Every entry needs to appear again exactly as written below.

Source records
● ● ● ●
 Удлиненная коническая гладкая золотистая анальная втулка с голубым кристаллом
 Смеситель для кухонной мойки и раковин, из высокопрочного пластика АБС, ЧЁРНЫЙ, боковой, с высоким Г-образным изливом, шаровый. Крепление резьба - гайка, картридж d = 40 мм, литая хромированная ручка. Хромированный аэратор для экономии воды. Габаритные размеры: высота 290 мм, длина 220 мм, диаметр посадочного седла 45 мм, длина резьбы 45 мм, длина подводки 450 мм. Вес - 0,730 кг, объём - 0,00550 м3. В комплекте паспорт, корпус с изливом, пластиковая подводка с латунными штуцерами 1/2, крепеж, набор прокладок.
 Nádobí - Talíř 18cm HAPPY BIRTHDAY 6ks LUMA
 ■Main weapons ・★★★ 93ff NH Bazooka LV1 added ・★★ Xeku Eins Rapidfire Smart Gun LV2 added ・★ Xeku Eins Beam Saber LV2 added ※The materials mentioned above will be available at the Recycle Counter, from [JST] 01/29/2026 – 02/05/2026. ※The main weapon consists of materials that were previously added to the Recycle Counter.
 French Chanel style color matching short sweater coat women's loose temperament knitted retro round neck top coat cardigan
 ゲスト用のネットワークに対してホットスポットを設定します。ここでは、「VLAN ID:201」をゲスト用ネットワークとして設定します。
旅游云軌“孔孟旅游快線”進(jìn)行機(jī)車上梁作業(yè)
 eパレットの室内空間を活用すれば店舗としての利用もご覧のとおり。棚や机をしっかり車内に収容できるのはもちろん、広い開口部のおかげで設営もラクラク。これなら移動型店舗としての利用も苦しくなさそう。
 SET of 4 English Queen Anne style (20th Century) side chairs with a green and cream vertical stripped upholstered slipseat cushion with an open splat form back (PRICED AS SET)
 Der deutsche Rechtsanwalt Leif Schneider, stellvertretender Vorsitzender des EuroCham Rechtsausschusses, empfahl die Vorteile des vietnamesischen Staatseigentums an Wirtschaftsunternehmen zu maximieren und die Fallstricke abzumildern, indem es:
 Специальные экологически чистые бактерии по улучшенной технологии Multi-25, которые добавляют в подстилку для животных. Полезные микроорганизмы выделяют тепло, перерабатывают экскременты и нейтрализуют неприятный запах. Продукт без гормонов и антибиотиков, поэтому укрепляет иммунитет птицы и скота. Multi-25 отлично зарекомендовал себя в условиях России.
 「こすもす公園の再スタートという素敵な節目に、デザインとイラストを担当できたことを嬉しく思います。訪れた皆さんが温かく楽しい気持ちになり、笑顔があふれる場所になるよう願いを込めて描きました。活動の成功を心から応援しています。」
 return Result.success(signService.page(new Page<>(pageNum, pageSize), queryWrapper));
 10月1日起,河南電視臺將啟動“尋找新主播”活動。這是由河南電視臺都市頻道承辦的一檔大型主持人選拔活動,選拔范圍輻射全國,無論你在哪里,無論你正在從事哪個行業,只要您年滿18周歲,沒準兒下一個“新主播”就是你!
● ● ● ●
EXERCISE RESPONSE:
 Удлиненная коническая гладкая золотистая анальная втулка с голубым кристаллом
 Смеситель для кухонной мойки и раковин, из высокопрочного пластика АБС, ЧЁРНЫЙ, боковой, с высоким Г-образным изливом, шаровый. Крепление резьба - гайка, картридж d = 40 мм, литая хромированная ручка. Хромированный аэратор для экономии воды. Габаритные размеры: высота 290 мм, длина 220 мм, диаметр посадочного седла 45 мм, длина резьбы 45 мм, длина подводки 450 мм. Вес - 0,730 кг, объём - 0,00550 м3. В комплекте паспорт, корпус с изливом, пластиковая подводка с латунными штуцерами 1/2, крепеж, набор прокладок.
 Nádobí - Talíř 18cm HAPPY BIRTHDAY 6ks LUMA
 ■Main weapons ・★★★ 93ff NH Bazooka LV1 added ・★★ Xeku Eins Rapidfire Smart Gun LV2 added ・★ Xeku Eins Beam Saber LV2 added ※The materials mentioned above will be available at the Recycle Counter, from [JST] 01/29/2026 – 02/05/2026. ※The main weapon consists of materials that were previously added to the Recycle Counter.
 French Chanel style color matching short sweater coat women's loose temperament knitted retro round neck top coat cardigan
 ゲスト用のネットワークに対してホットスポットを設定します。ここでは、「VLAN ID:201」をゲスト用ネットワークとして設定します。
旅游云軌“孔孟旅游快線”進(jìn)行機(jī)車上梁作業(yè)
 eパレットの室内空間を活用すれば店舗としての利用もご覧のとおり。棚や机をしっかり車内に収容できるのはもちろん、広い開口部のおかげで設営もラクラク。これなら移動型店舗としての利用も苦しくなさそう。
 SET of 4 English Queen Anne style (20th Century) side chairs with a green and cream vertical stripped upholstered slipseat cushion with an open splat form back (PRICED AS SET)
 Der deutsche Rechtsanwalt Leif Schneider, stellvertretender Vorsitzender des EuroCham Rechtsausschusses, empfahl die Vorteile des vietnamesischen Staatseigentums an Wirtschaftsunternehmen zu maximieren und die Fallstricke abzumildern, indem es:
 Специальные экологически чистые бактерии по улучшенной технологии Multi-25, которые добавляют в подстилку для животных. Полезные микроорганизмы выделяют тепло, перерабатывают экскременты и нейтрализуют неприятный запах. Продукт без гормонов и антибиотиков, поэтому укрепляет иммунитет птицы и скота. Multi-25 отлично зарекомендовал себя в условиях России.
 「こすもす公園の再スタートという素敵な節目に、デザインとイラストを担当できたことを嬉しく思います。訪れた皆さんが温かく楽しい気持ちになり、笑顔があふれる場所になるよう願いを込めて描きました。活動の成功を心から応援しています。」
 return Result.success(signService.page(new Page<>(pageNum, pageSize), queryWrapper));
 10月1日起,河南電視臺將啟動“尋找新主播”活動。這是由河南電視臺都市頻道承辦的一檔大型主持人選拔活動,選拔范圍輻射全國,無論你在哪里,無論你正在從事哪個行業,只要您年滿18周歲,沒準兒下一個“新主播”就是你!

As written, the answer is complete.